Third, google is actively down-ranking & removing “controversial” content in the name of ML fairness & integrity. In many cases this may be just, but it’s also going to lower the overall content quality because almost everything innovative is going to be controversial .
So you have at least three massive forces preventing quality content & discussions from being found on web search.
Does anyone have a solution though? Even DuckDuckGo is bad.
Which search result is worse compared to "the time Google was good"? We need solid examples, which is usually extremely hard to find on HN threads such as these. Even the parent does not have a single good example.
I use google to search for results on websites I trust, it's basically useless otherwise.
I live in Argentina, and sometimes I search for Argentinian things, but also more often I search in English for things related to work, travel, hobbies, etc. It's reasonable and OK that when I search for certain things Google provides region-specific results (e.g. "servicio meteorológico nacional" [National meteorological service] brings up the Argentinian agency and other local results instead of any from other Spanish speaking countries). This has been like that for many years now, and is OK.
The new thing is that more and more often I've been getting results that include argentine or Spanish-language results that have NO relevance to the search, and are a super big stretch.
I haven't saved examples, but I tested for 3 minutes and just came up with one... trust me that I've seen much worse than this.
Let's say I search for "french tv cat puppet" (I watched an old show called Telechat when I was a kid). I get the following results:
1 & 2 - Kitty Cats - Wikipedia (a French Canadian TV show... OK...)
3 - Pacha et les chats @ imdb (the same show)
4 - YouTube (???? "Missing: french cat puppet", warns Google)
5 - "Carmel: Who Killed Maria Marta?" @ Netflix (this is a true crime show based on a very famous murder in my country)
None of those results were ads. I have no idea why Google would show results 4 and 5 except to think that their index for my country is very very broken/corrupt.
Another "not as bad but still very bad" example: If I search for "mccartney bear song" (see Rupert and the Frog Song, and the "We all stand together" song) the first two results are spot on, but the third one is a Spanish language result from a local paper titled "These is the full list of songs that The Beatles played in the Get Back documentary by Peter Jackson", the snippet has McCartney and the word "song" from "Song Of Love" in bold.

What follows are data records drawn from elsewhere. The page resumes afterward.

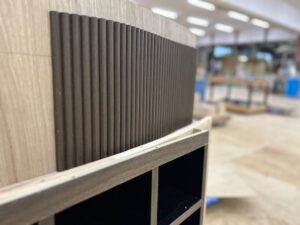 CNCエッジバンディング・マシニング・センター/ドリルのように回転する歯が上下左右に動きながら3次元に木材を加工していきます。木材の加工に加えて曲面エッジにテープやローカン材などを貼り付ける事が出来ます。最大1900×4200mmのパネルを加工可能
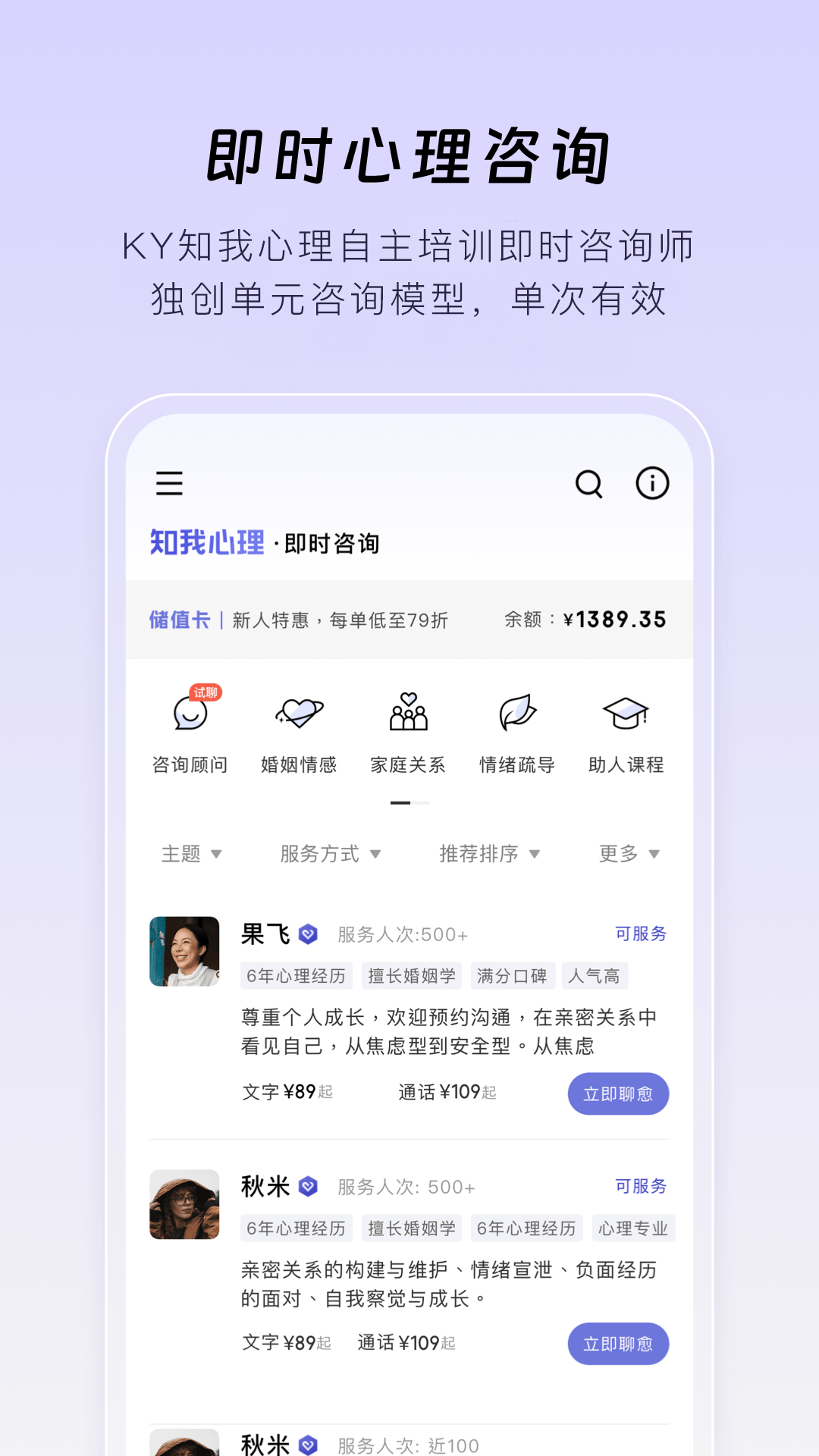 自主培训&严格考核专业即时咨询师;1V1匿名咨询,提供情绪支持与处理问题的思路。
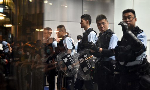 Cảnh sát Hong Kong bảo vệ trụ sở hôm 21/6. Ảnh: AFP.
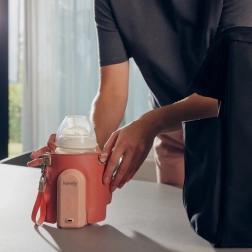 Vous pouvez recharger votre chauffe-biberon commodément à l'aide d'un connecteur USB-C depuis une prise électrique, une powerbank, ou même une voiture. Il dispose également d'une sangle pour un transport facile et peut être attaché à la poignée d'une poussette ou d'un sac. Le bouton de sécurité garantit que le chauffe-biberon démarre uniquement après l'insertion de la bouteille.

Final one. I search for "retro toys with water inside"... the search terms are super poor, but the image results show me that Google got me (e.g. the Tomy Waterful toys).
Image results - OK
Video results - OK
1 - Handheld water game @ Amazon (OK...)
2 - Pinterest results (groan...)
3 - A hacked home decor Argentine site that redirects me to a page that sells a doll, no water.
4 & 5 - Relevant retro toy pages
6 - A hacked Argentinian government page (under the .gov.ar TLD, which is for government site) with the "classic fashion CHATHAM ELECTRONICS JAN-CAHG-1Z2" title. Apparently has been fixed so now it has a 404 error.
I rest my case. It's a disaster.
For me it was the pinterestizing of image search that finally made me realize how pointless google was. Why use a service that is just going to feed me ads in response to every query?
it's almost impossible to google game dev programming things... IMPOSSIBLE to find good resources anymore, it almost as if old (and valuable) resources are not referenced anymore!